Understanding posix barrier mechanism

Question

Here is piece (very simplified, with global var's and other "smells") of C code, which uses posix barrier primitive to sincronize thread start.

#include <pthread.h>
#include <stdio.h>

pthread_barrier_t barrier;

void* thread_func(void* aArgs)
{
  pthread_barrier_wait(&barrier);

  printf("Entering thread %p\n", (void*)pthread_self());
  int i;
  for(i = 0 ; i < 5; i++)
    printf("val is %d in thread %p \n", i, (void*)pthread_self());
}

int main()
{
  pthread_t thread_1, thread_2;
  pthread_barrier_init(&barrier, NULL, 2);

  pthread_create(&thread_1, NULL, (void*)thread_func, NULL);
  printf("Thread %p created\n", (void*)thread_1);

  usleep(500);

  pthread_create(&thread_2, NULL, (void*)thread_func, NULL);
  printf("Thread %p created\n", (void*)thread_2);

  pthread_join(thread_1, NULL);
  pthread_join(thread_2, NULL);

  pthread_barrier_destroy(&barrier);

  return 0;
}

I can't understand, why "Entering thread ..." string occurs not simultaneously in the output? When i run above programm, usually get alike output:

Thread 0xb74fdb40 created
Thread 0xb6cfcb40 created
Entering thread 0xb6cfcb40
val is 0 in thread 0xb6cfcb40 
val is 1 in thread 0xb6cfcb40 
val is 2 in thread 0xb6cfcb40 
val is 3 in thread 0xb6cfcb40 
val is 4 in thread 0xb6cfcb40 
Entering thread 0xb74fdb40
val is 0 in thread 0xb74fdb40 
val is 1 in thread 0xb74fdb40 
val is 2 in thread 0xb74fdb40 
val is 3 in thread 0xb74fdb40 
val is 4 in thread 0xb74fdb40 

What i expect, is simultaneously starting of two threads, and appearing of "Entering thread ..." strings in sequence in the output. Compile it with: gcc barrier.c -pthread

What i'm doing wrong with that?

Answer 1

What your barrier is doing is preventing Thread 1 from producing any output before Thread 2 is created.

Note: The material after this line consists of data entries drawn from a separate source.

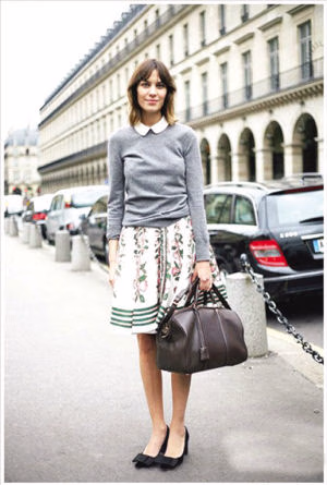 Alexa Chung在 LV的无袖连衣裙外搭配了一件灰色针织衫,露出了连衣裙本身的领子,给我们带来了搭配假领的灵感。有类似假领的,不妨一试。
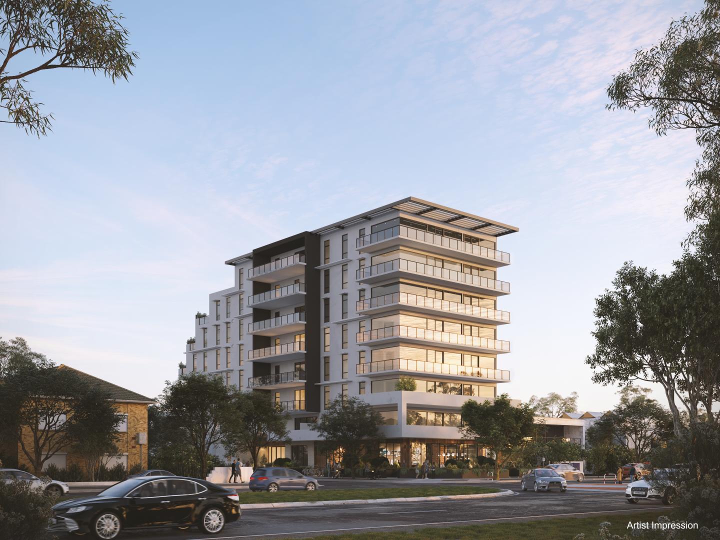 Construction of an 8 storey mixed-use building. 24 units and 1 shop of 95.7 sq m on ground level. Unit distribution per floor: Levels 1, 2, 3, 4 & 5: 4 units each. Levels 6 & 7: 2 units each. Unit mix: 15 x 1 bedroom units (2 of which will be DDA compliant). 7 x 2 bedroom units. 2 x 3 bedroom units. Building construction features: New steel frame. Concrete. Precast concrete. Metal cladding. Car parking. Landscaping. Associated siteworks & external works.
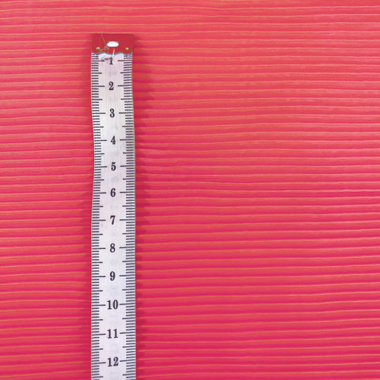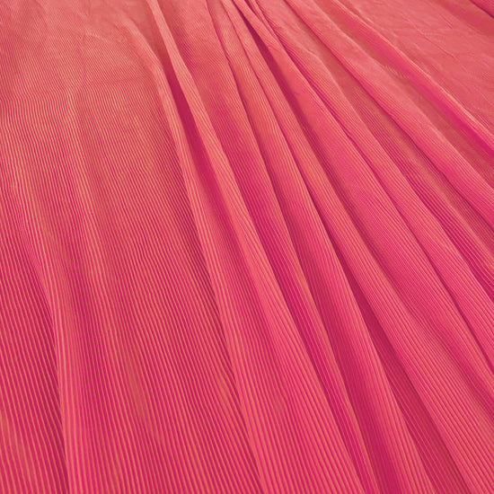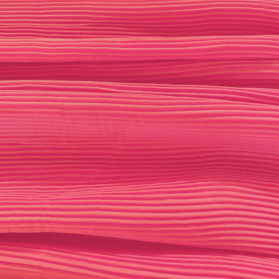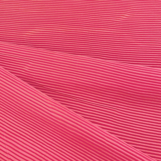 Fairly stiff, but very stretchy, accordion-pleated hot pink taffeta. Light to medium weight with a smooth, papery handle. Holds it's shape well for structural pieces.
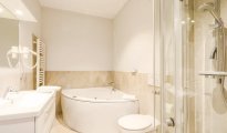 Les quatre chambres séparées sont toutes équipées d'une télévision à écran plat. La spacieuse chambre principale possède sa propre salle de bains privative avec baignoire spa. La deuxième salle de bain est accessible depuis le couloir, la troisième salle de bain est accessible depuis les chambres 1 et 3. Ici, vous pourrez profiter après une longue journée sur la Baltique de votre Wellnessbeerich personnel avec sauna, bain de vapeur et double douche à effet pluie.
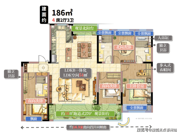 南向逆天面宽 约16.3米,双联阳台足足约 16平方,理想型的开间与进深,呈现大家族才有的气场。
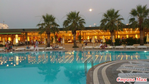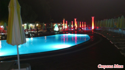 Роскошно выглядел бассейн с вечерней подсветкой возле амфитеатра:

After both threads are created, both cross the barrier and are unblocked. After that you are not asserting any control as to how they are interleaved. So, thread 1 happens to get its time slice and produces all its output; then thread 2 gets its time slice and produces all its output.

Try moving the barrier after the "Enter" output to get a better understanding.

Answer 2

All the barrier does is ensure that neither thread can return from the barrier wait call before the other thread has entered it. There is no ordering relationship between the subsequent output except that each individual stdio call is atomic. The fact that you're seeing all the output for one thread before all the output for the other is simply a consequence of scheduling and/or which thread succeeds in getting the internal mutex in stdout first on each try (once it's gotten it on one and the other thread goes to sleep waiting for the mutex, the first thread has an advantage re-acquiring this mutex first again).

If you want to see output interleaved, add another call to pthread_barrier_wait on your barrier immediately before or after each call to printf.

You would also be statistically much more likely to see interleaving by mere chance if you increased the number of output lines from 5 to 10000 or so.